───── EXERCISE MATERIALS

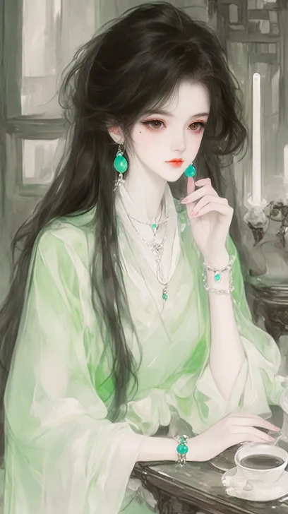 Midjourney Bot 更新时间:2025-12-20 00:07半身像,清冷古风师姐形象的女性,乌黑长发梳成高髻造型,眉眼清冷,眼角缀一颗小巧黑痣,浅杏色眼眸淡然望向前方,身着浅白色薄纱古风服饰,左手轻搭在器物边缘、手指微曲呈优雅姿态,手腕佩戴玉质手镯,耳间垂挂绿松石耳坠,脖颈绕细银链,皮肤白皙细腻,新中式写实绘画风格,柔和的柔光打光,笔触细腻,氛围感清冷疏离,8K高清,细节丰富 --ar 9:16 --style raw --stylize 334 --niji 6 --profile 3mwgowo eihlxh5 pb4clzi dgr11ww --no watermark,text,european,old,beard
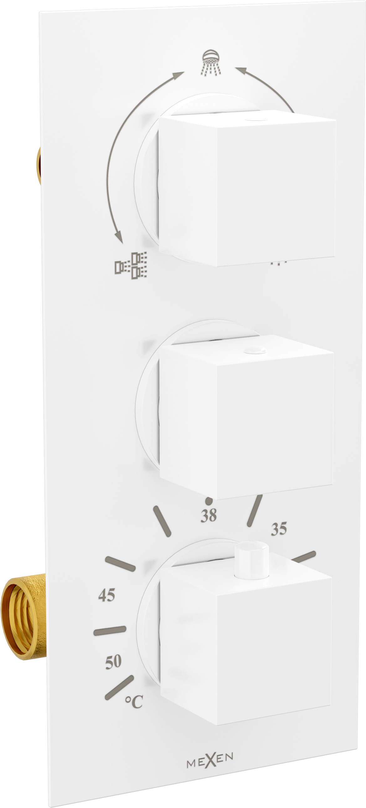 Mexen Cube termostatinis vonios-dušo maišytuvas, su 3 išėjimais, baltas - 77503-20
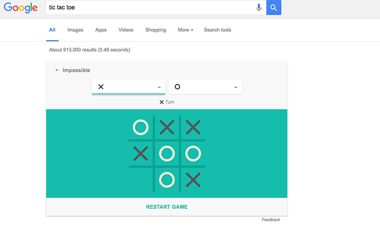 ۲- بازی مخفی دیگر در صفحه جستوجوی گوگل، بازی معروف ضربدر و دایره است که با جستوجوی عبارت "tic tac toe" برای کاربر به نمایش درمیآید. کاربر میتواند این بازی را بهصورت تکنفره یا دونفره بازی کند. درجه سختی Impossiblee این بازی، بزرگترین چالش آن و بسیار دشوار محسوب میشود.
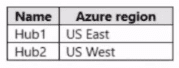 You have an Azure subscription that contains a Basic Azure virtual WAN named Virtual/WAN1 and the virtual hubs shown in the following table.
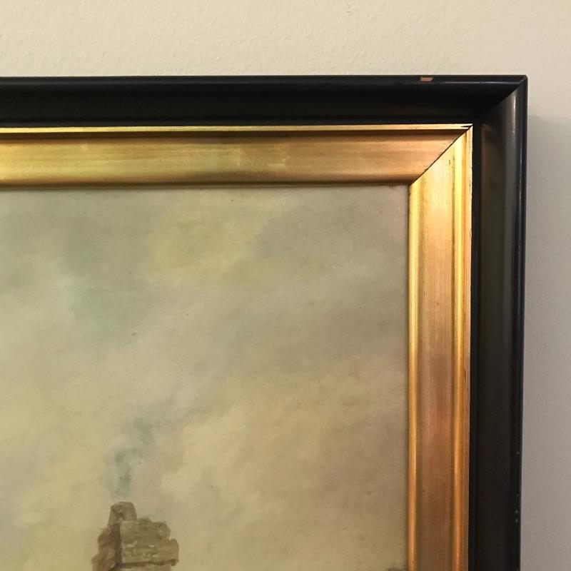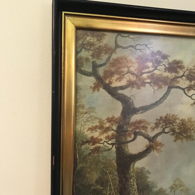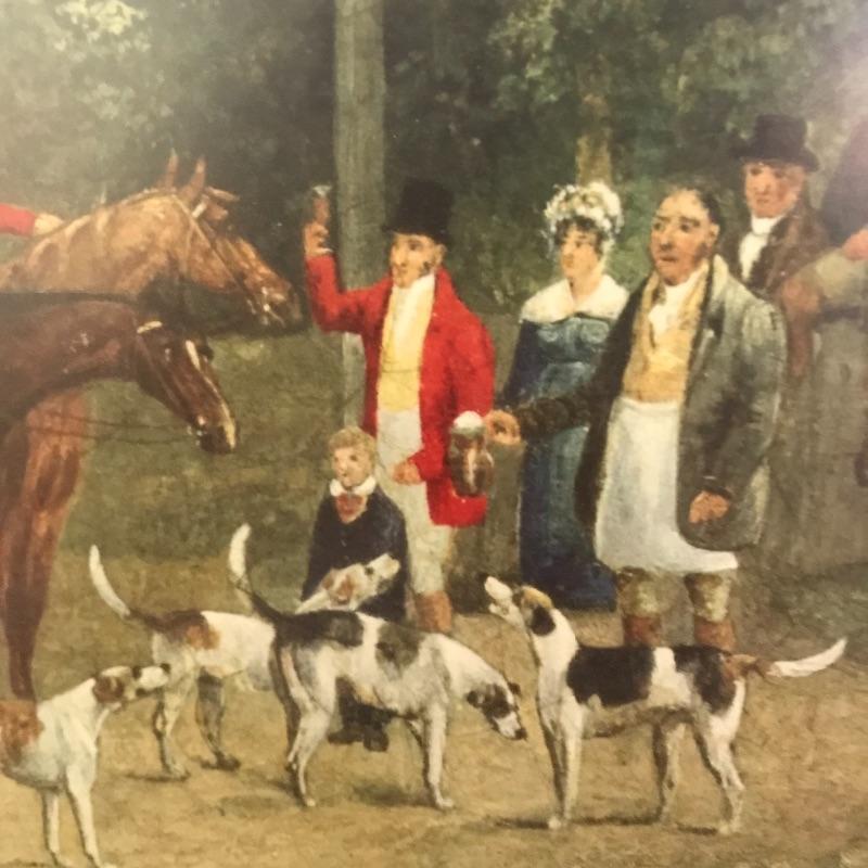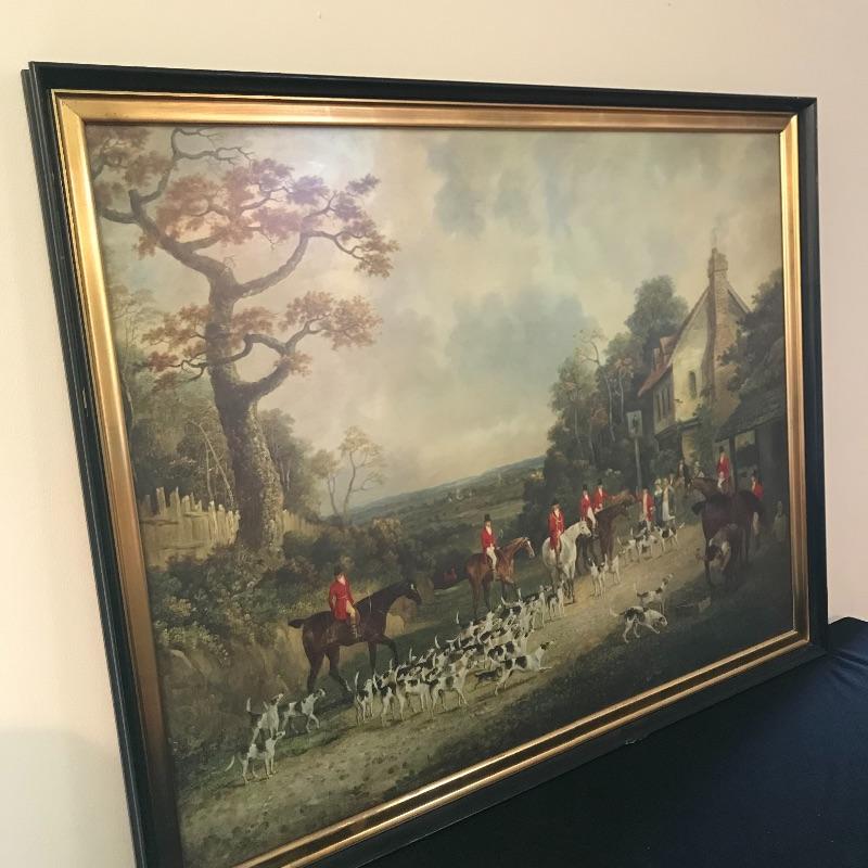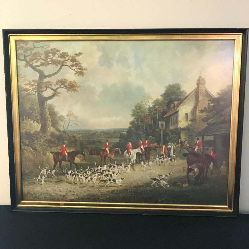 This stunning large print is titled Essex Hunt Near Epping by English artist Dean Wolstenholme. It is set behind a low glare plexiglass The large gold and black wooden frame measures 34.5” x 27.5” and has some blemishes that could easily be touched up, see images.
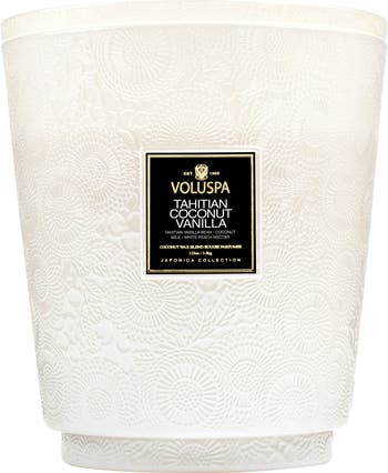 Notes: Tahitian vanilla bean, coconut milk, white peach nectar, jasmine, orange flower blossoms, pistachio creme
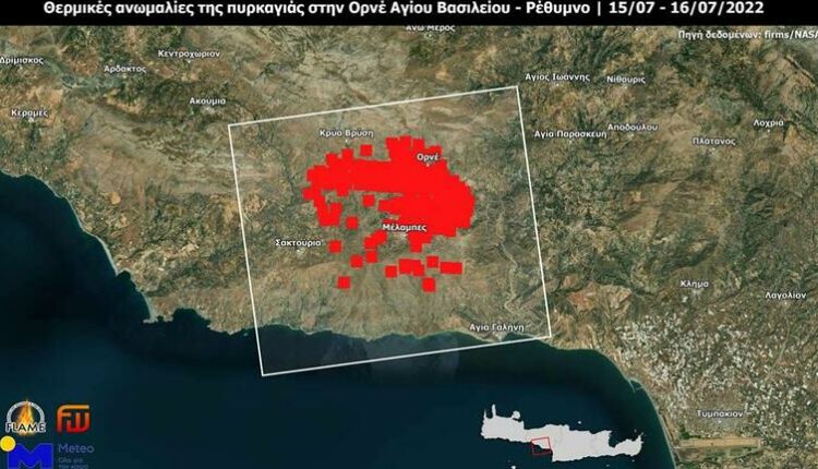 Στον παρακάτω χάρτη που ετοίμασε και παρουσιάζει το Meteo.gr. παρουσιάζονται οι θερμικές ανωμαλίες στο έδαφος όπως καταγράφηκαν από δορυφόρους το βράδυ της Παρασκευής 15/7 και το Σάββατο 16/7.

──────────

§ TASK GOAL: Starting at the line that contains "Notes: Tahitian vanilla", return every line through the end of the records above exactly as written, and return no pictures.

§ RESPONSE:
 Notes: Tahitian vanilla bean, coconut milk, white peach nectar, jasmine, orange flower blossoms, pistachio creme
 Στον παρακάτω χάρτη που ετοίμασε και παρουσιάζει το Meteo.gr. παρουσιάζονται οι θερμικές ανωμαλίες στο έδαφος όπως καταγράφηκαν από δορυφόρους το βράδυ της Παρασκευής 15/7 και το Σάββατο 16/7.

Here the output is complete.